Hotmail might be getting a revamped image in Microsoft's new fight against Yahoo and Google, but key features are still missing.
New features for Hotmail include a new way of organizing e-mail from different sources. Messages from contacts, social networks, spammers and retailers will all appear in different sub-folders when users log in to the new system.
Users will also have access to a 25 Gb per user "SkyDrive" to store files and share them with friends.
Users will be able to sort through media that lands in their inboxes more easily. But this feature is also where Microsoft's new Hotmail product breaks down, according to some reviewers.
Hotmail will enable a new viewer that will enable one-click viewing of picture files, videos and Microsoft Office files. Using Microsoft's own Silverlight system - a way of viewing multimedia on the Internet similar to Adobe Flash - users will be able to immerse themselves in many attachments sent by their friends without downloading.

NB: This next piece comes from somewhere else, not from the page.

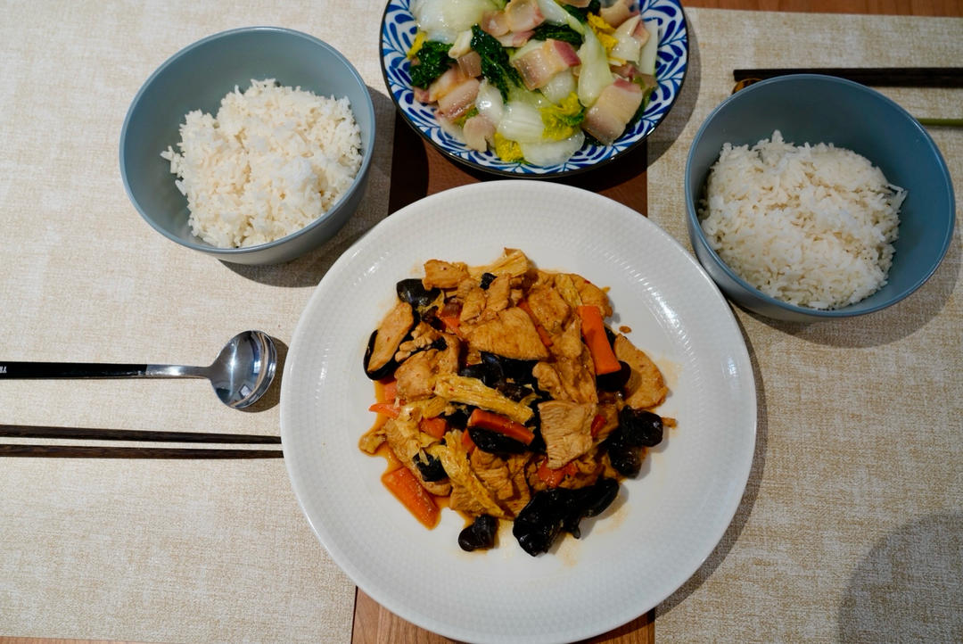 幸运晴天 做过 鸡片木耳烧腐竹 鸡片木耳烧腐竹、咸肉炒翻心黄青菜+米饭餐桌上射灯不如自然光拍出来理想!勾芡时发现没淀粉了,有点小遗憾,作业有点不太合格了,鸡肉很烂腐竹柔软特美味,谢谢@慧的美食每刻 妹妹的美味食谱!大家周末愉快🌹🍀#午餐•2025年1月18日# 2025-01-18

But Microsoft is limiting viewer to formats originating in the Microsoft eco-system. That means that while users can easily flip through MS Office documents or photos, other popular formats like PDF or even .txt files are not supported. Users will have to download those files and open them separately.
Hotmail, already almost 15 years old, is among the oldest free e-mail offerings on the Web. Yahoo! Mail is the most popular web-based free e-mail provider in the U.S., followed closely by Hotmail.
Google's Gmail is a relatively distant third place, though many of the enhancements being launched by Hotmail will already be familiar to its users.